La Hongrie a été par deux fois meilleure attaque de la Coupe du monde de football : en 1938, avec 15 buts, et en 1954 avec 27 buts[181]. Les 27 buts inscrits par le Onze d'or lors de la Coupe du monde 1954 restent le record de buts inscrits par une équipe lors d'une phase finale[97]. La différence de buts (+14) et le nombre de buts inscrits à l'issue du premier tour (17) n'ont jamais été approchés depuis.

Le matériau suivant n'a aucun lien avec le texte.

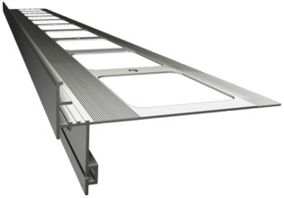 Zacznijmy od samego profilu. Przykładowy profil dedykowany takiemu układowi pokazano na rysunku 5. Nie da się tu zastosować zwykłej obróbki blacharskiej. Proszę zwrócić uwagę na kształt profilu dostosowany zarówno do systemowej maty, jak i rynien odwadniających połać. Tego typu profile umożliwiają wykonanie izolacji z masy KMB, samoprzylepnej membrany bitumicznej czy elastycznego szlamu. Papę termozgrzewalną stosuje się rzadziej, ze względu na termiczne oddziaływanie płomienia na profil podczas jej zgrzewania. Równie rzadko stosuje się grube (przynajmniej 1 mm) folie z tworzyw sztucznych i kauczuku ze względu na konieczność stosowania specjalnych uszczelek i taśm butylowych.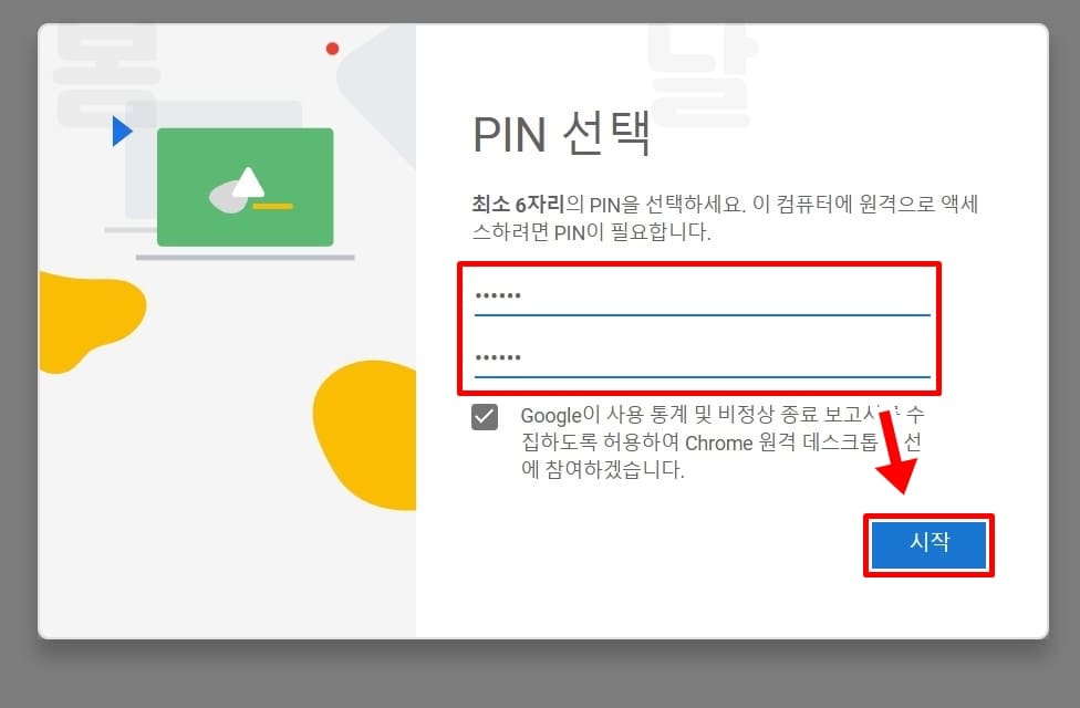 10. 원격 연결에 사용할 PIN 비밀번호를 설정합니다.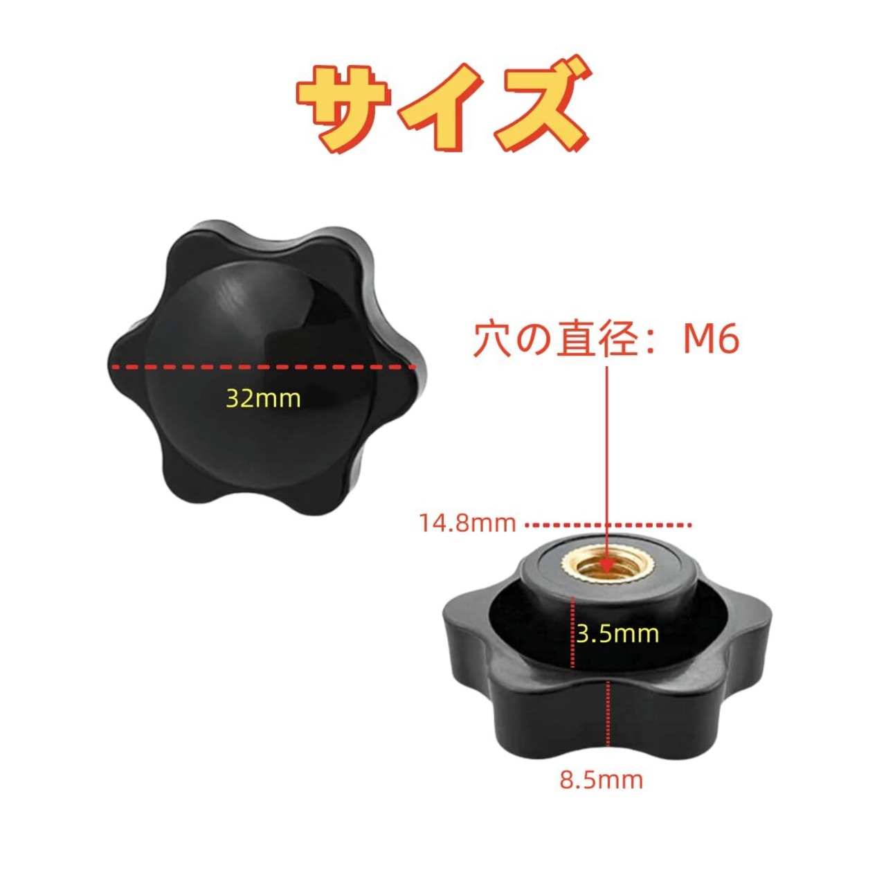 サイズ:12個セット;M5、ネジ径:約5mm、ヘッド径:約32mm、高: 約12mm;M6、ネジ径:約6mm、ヘッド径:約32mm、高: 約12mm;M8、ネジ径:約8mm、ヘッド径:約32mm、高: 約12mm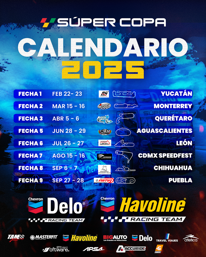 Iniciando en Yucatán, serán hasta el momento 8 sedes a visitar, quedando una por confirmarse en el mes de mayo, cerrando el 25 en Puebla el 28 de septiembre, fecha en la que el equipo espera pelear por el título con sus dos pilotos.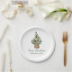 Add a festive and elegant touch to your holiday table with this beautiful Christmas paper plate featuring a hand-painted evergreen tree adorned with blush, champagne, green, and golden caramel-toned ornaments accented by soft white lights. The tree rests in a woven wicker basket at the top of the design, with “Merry Christmas” displayed below in green handwritten script and your family name shown underneath. Set against a white background, this design combines rustic farmhouse charm with timeless holiday style — perfect for Christmas dinners, parties, and festive gatherings.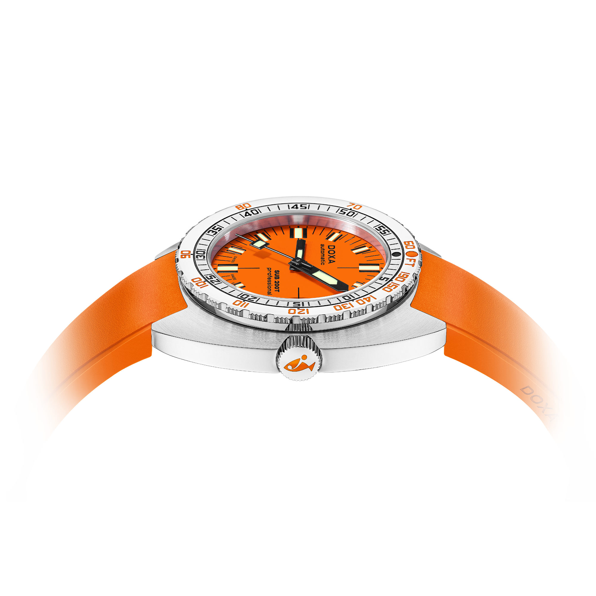 Ref. 804.10.351.21 - Die neue SUB 200T wirkt mit ihrem kleinen Durchmesser stilistisch moderner und raffinierter, übernimmt aber geschickt die DNA des Originals. Durch die Überarbeitung der Volumina innerhalb des Gehäuses wurde die Reduzierung auf einen eleganten 39-mm-Durchmesser sowie eine angenehmere Höhe von 10,70 mm möglich. Darüber hinaus hat DOXA das Zifferblattdesign optimiert, um eine zeitgemäßere Optik am Handgelenk zu erzielen.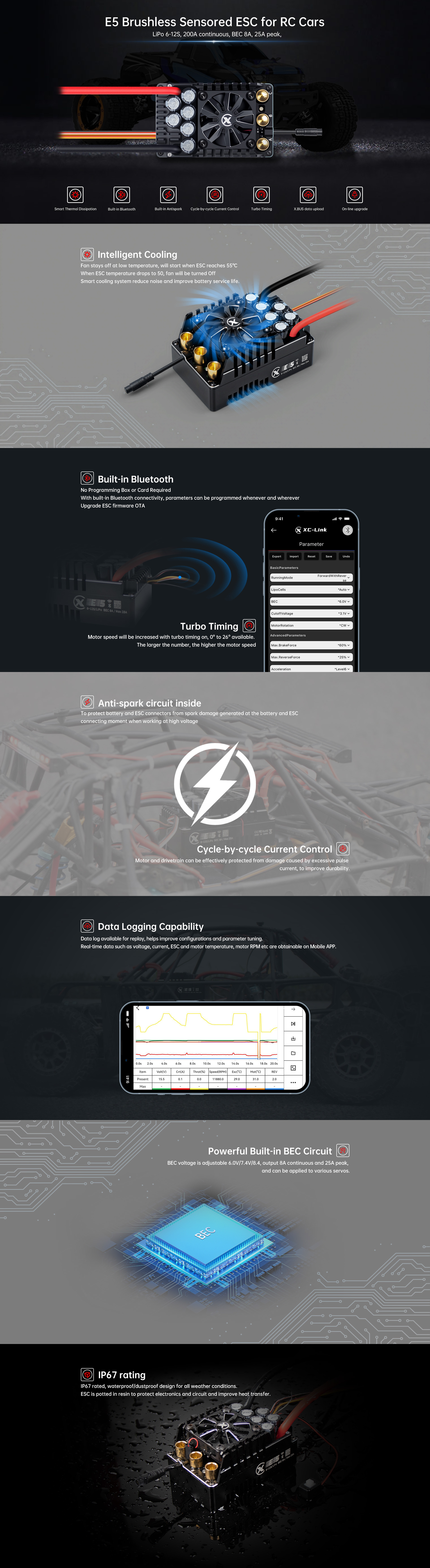 XC-ESC E5 Electronic Speed Controller 1/6 1/5 Scale ESC / 200A (6~12S)

Le succès 10-1 des Hongrois face au Salvador constitue le record de buts marqués par une équipe lors d'un match de Coupe du monde[97]. Ce record bat ainsi le précédent record établi par la même sélection contre la Corée du Sud en 1954[182]. Lors de cette même rencontre, le triplé marqué par László Kiss en seulement sept minutes est actuellement le coup du chapeau le plus rapide de l'histoire de la Coupe du monde, mais aussi le seul inscrit par un remplaçant[182].

Avec 87 buts inscrits en 32 matchs de phase finale de Coupe du monde, la sélection hongroise possède la moyenne de buts record de 2,72 buts par rencontres[183].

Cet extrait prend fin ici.